The topic is very broad: datasets can come from a wide range of sources and a wide range of formats, including  collections of documents, collections of images, collections of sound clips, collections of numerical measurements, or nearly anything else. Despite this apparent heterogeneity, it will help us to think of all data fundamentally as arrays of numbers.

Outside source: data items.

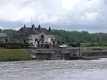 Le Cher a été canalisé au XIXe siècle. L'écluse de Bléré est située à proximité d'un barrage à aiguilles. À proximité de l'écluse, on notera le double logement de l'éclusier et du barragiste (destiné à les accueillir avec leurs familles). Les façades indiquent le niveau des eaux lors des précédentes inondations (notamment celle de 1856, la plus importante à ce jour).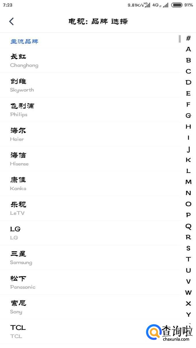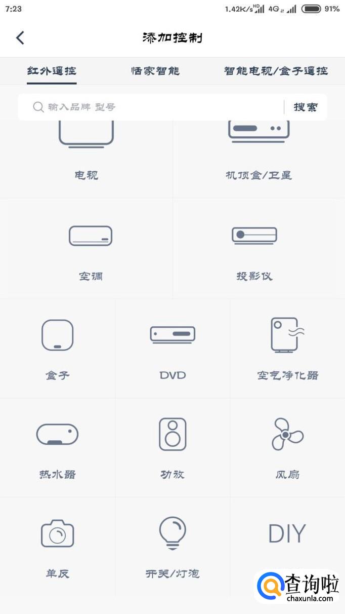 接下来点击左上角的加号,然后选择要遥控的家电的类型,也可以直接在上面的输入框里面输入家电型号。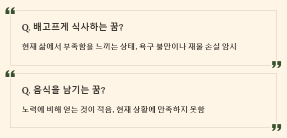 | 음식을 남기는 꿈 | 현재의 만족감 부족, 손실 | 흉몽 |

This chapter will cover NumPy in detail. NumPy (short for Numerical Python) provides an efficient interface to store and operate on dense data buffers. In some ways, NumPy arrays are like Python's built-in list type, but NumPy arrays provide much more efficient storage and data operations as the arrays grow larger in size. NumPy arrays form the core of nearly the entire ecosystem of data science tools in Python, so time spent learning to use NumPy effectively will be valuable no matter what aspect of data science interests you.

If you followed the advice outlined in the Preface and installed the Anaconda stack, you already have NumPy installed and ready to go. If you're more the do-it-yourself type, you can go to http://www.numpy.org/ and follow the installation instructions found there. Once you do, you can import NumPy and double-check the version:

In [1]:
import numpy
numpy.__version__

'1.18.1'

For the pieces of the package discussed here, I'd recommend NumPy version 1.8 or later. By convention, you'll find that most people in the SciPy/PyData world will import NumPy using np as an alias:

In [2]:
import numpy as np

## Understanding numpy datatypes

Effective data-driven science and computation requires understanding how data is stored and manipulated. This section outlines and contrasts how arrays of data are handled in the Python language itself, and how NumPy improves on this.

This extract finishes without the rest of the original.